» **PROBLEM STATEMENT**
Return exactly those lines of the material below that fall between the line holding "Σχολικό εγχειρίδιο Μαθηματικών" and the line holding "Ürün İçeriği: %30", inclusive.

[EXERCISE MATERIALS — start]

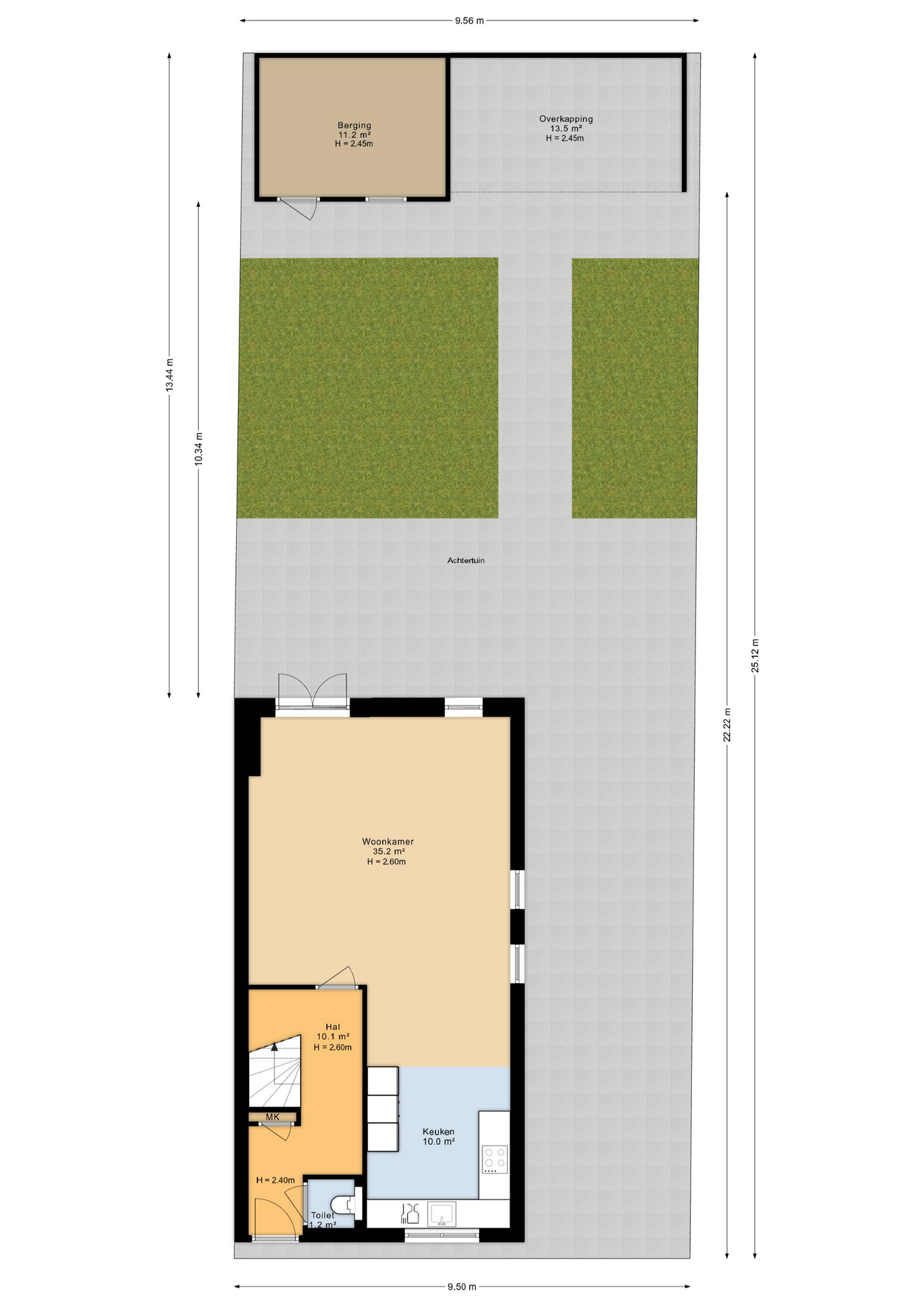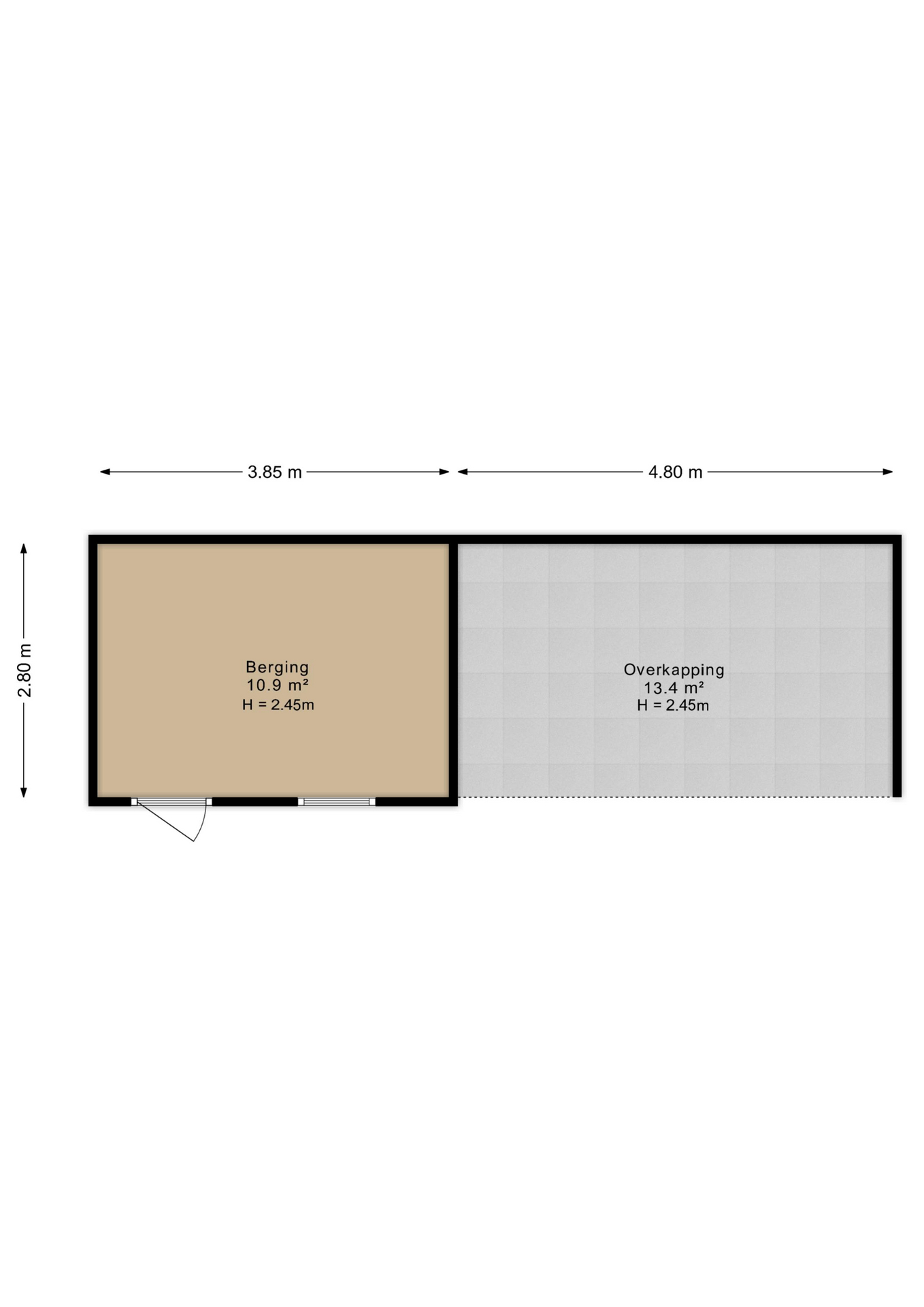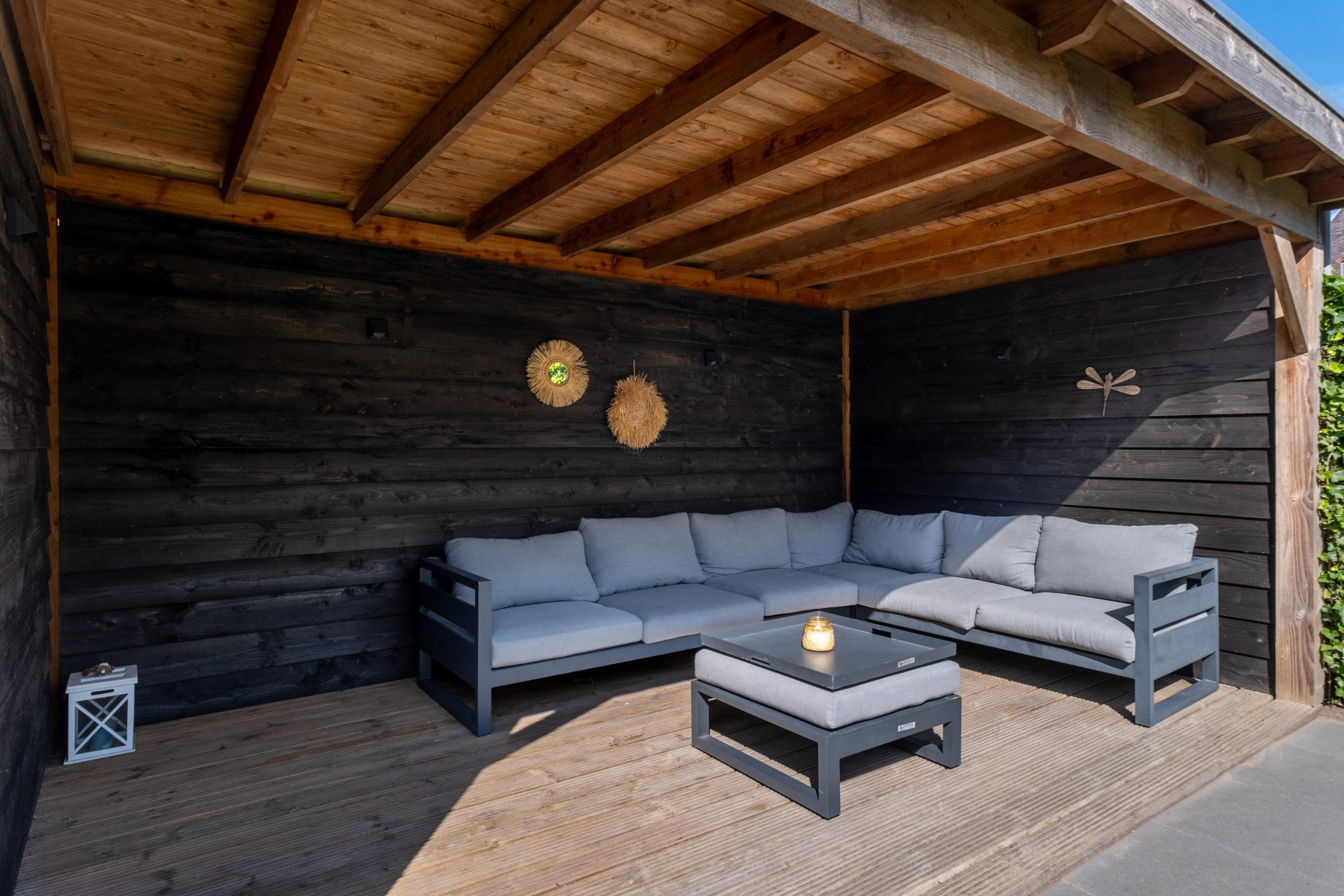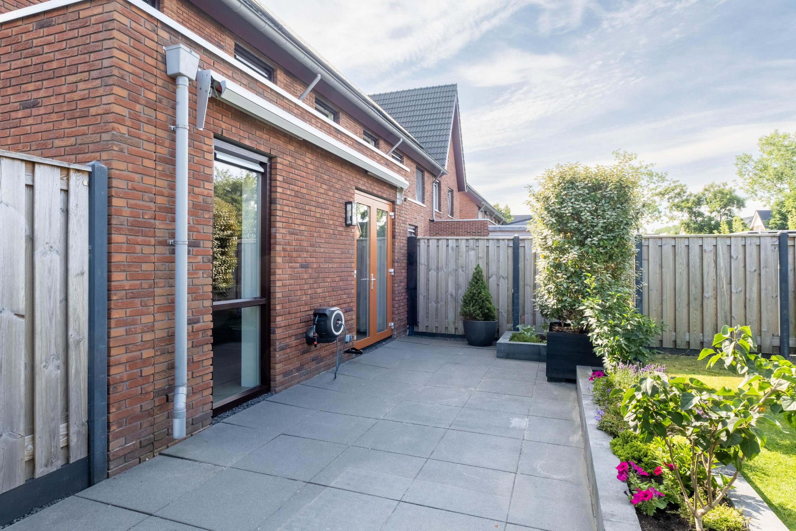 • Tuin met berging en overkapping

[EXERCISE MATERIALS — finish]
[EXERCISE MATERIALS — start]

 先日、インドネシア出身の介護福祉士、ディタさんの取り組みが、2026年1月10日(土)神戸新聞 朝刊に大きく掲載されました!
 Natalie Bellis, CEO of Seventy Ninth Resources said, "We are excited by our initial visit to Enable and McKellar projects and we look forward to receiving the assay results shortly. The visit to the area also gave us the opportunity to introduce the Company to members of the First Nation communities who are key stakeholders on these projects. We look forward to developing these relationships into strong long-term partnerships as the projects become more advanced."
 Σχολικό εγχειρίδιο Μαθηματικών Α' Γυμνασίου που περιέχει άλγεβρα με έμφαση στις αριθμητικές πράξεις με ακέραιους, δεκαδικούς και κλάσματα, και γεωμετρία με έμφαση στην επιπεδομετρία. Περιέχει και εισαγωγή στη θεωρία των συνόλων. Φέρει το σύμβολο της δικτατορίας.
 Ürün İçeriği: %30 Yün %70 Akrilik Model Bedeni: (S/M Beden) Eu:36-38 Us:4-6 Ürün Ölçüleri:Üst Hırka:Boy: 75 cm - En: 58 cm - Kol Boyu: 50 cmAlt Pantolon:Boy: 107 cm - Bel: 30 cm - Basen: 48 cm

[EXERCISE MATERIALS — finish]

» **RESPONSE FOR THIS EXERCISE**
 Σχολικό εγχειρίδιο Μαθηματικών Α' Γυμνασίου που περιέχει άλγεβρα με έμφαση στις αριθμητικές πράξεις με ακέραιους, δεκαδικούς και κλάσματα, και γεωμετρία με έμφαση στην επιπεδομετρία. Περιέχει και εισαγωγή στη θεωρία των συνόλων. Φέρει το σύμβολο της δικτατορίας.
 Ürün İçeriği: %30 Yün %70 Akrilik Model Bedeni: (S/M Beden) Eu:36-38 Us:4-6 Ürün Ölçüleri:Üst Hırka:Boy: 75 cm - En: 58 cm - Kol Boyu: 50 cmAlt Pantolon:Boy: 107 cm - Bel: 30 cm - Basen: 48 cm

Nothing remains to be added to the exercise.